Pasatiempo - - Pasa Reviews -

The Drawer Boy is a play that has as much open space and si­lence in it as the place it de­picts — an iso­lated farm near Clin­ton, On­tario. When a com­pany of ac­tors from Toronto de­scend on a ru­ral Cana­dian com­mu­nity in the 1970s with the idea of cre­at­ing a theater piece based on the sto­ries they hear and the lives they ob­serve, one of them, a young man named Miles, ends up board­ing at a farm owned by An­gus and Mor­gan, two men who have lived there and taken care of each other since World War II. The ar­rival of the ac­tor at the farm causes an up­heaval that un­set­tles a nar­ra­tive frame­work con­structed long ago — myths the farm­ers re­peat over and over about what hap­pened to them dur­ing and af­ter the war.

The farm­ers are tac­i­turn — to say the least — and The Drawer Boy delivers nar­ra­tive value in si­lence as much as it does in its di­a­logue. Watch­ing kitchen rit­u­als per­formed silently by An­gus, one be­gins to be­come aware that he might not be “all there.” He and Mor­gan served in Eng­land dur­ing the war, and to Mor­gan’s eter­nal re­gret, he sent his friend out dur­ing an air raid on an er­rand from which An­gus never fully re­turned. The sol­dier suf­fered a head wound and lost his abil­ity to re­mem­ber al­most any­thing.

An­gus used to draw, thus the ti­tle of the play, and he re­tains a sa­vant’s abil­ity to do com­pli­cated math prob­lems. Oth­er­wise, he is un­able to re­mem­ber things he did, words he once knew, or peo­ple he just met. That Mor­gan, who runs the farm, seems per­fectly will­ing to take care of his friend for the rest of his life seems some­how mys­te­ri­ous. There is no sug­ges­tion that the re­la­tion­ship has any ro­man­tic over­tones.

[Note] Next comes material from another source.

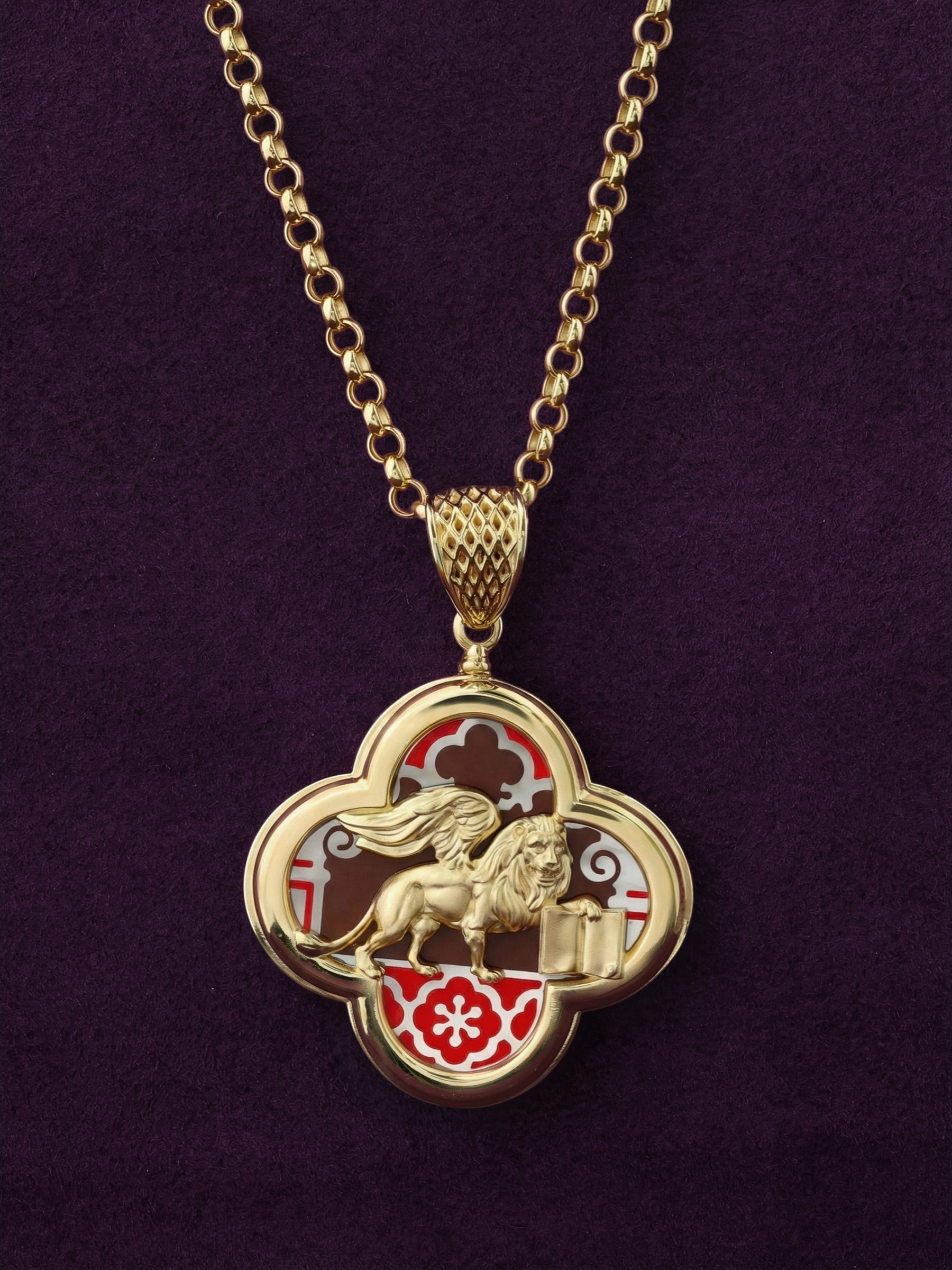 Откройте для себя воплощение роскоши с этой изысканной подвеской, представленной в коллекции De luxe Premium — Венецианский лев. Изделие выполнено из благородного лимонного золота 585 пробы, которое придает украшению теплый и притягательный оттенок. Дизайн подвески вдохновлен величием венецианской эстетики и центральным образом этой серии — грациозным львом. Фигурка льва, мастерски исполненная в золоте, гармонично сочетается с искусной отделкой цветной эмалью и нежным, переливающимся перламутром. Разноцветная эмаль подчеркивает детали композиции, создавая глубокий и насыщенный визуальный акцент.

The play hinges on Miles’ eaves­drop­ping while Mor­gan re­cites the story of the two sol­diers at war. An­gus re­mem­bers, word by word, but he needs to hear the story daily — es­pe­cially the part about the two tall Bri­tish women who trav­eled back from Europe to join them on the farm, and how they died in a car ac­ci­dent and were buried on top of a hill nearby. When the ac­tor “bor­rows” this tale for the de­vel­op­ing theater piece and the two farm­ers are in­vited to come to a re­hearsal, Mor­gan might be an­gry about hav­ing his story co-opted, but An­gus is trans­formed. Some­thing in his psy­che wakes up. It is as if his me­mory has been jogged by an­other bomb blast. He sud­denly has doubt and cu­rios­ity — a need for in­for­ma­tion that he has left un­ques­tioned (or for­got­ten) for years.

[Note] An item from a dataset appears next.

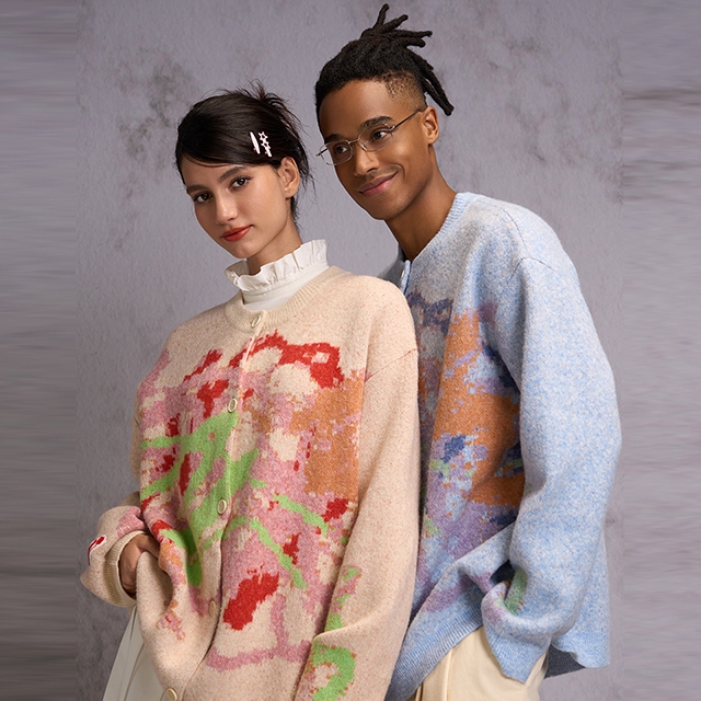 蜡笔涂画形式的手绘彩色提花 情侣同款

What Michael Healey, the play­wright, sug­gests, is that cre­ativ­ity not only has the power to ex­plode the re­pres­sions that in­hibit us but that the act of cre­at­ing a play based on un­re­mark­able peo­ple’s sto­ries is or can be trans­for­ma­tive for the sub­jects them­selves. It’s an in­ter­est­ing idea upon which to hang a 90-minute play, and the lack of the work’s ver­bal dy­nam­ics and the­atri­cal fire­works is to its credit. Quiet is the rule.

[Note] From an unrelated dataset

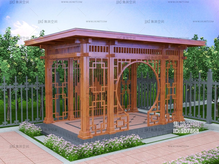 新中式实木凉亭 3d模型下载 [模型ID:107868]
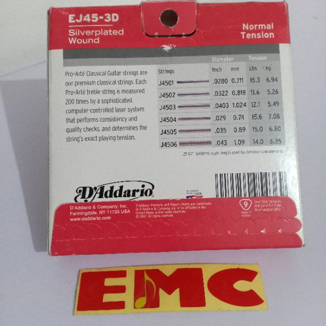 D'Addario Pro Arte EJ45-3D, Classical Guitar String ( 3set )

As the brain-dam­aged farmer, An­gus, Jonathan Dixon does a su­perb job, un­der­play­ing the char­ac­ter’s mental dis­abil­i­ties. The di­rec­tor, David Olson, has al­lowed the script a lot of breath­ing room, and the mo­ments when Dixon of­fers spoon­fuls of fresh cof­fee to his friend, makes sand­wiches, and sim­ply looks out into space are of­ten touch­ing.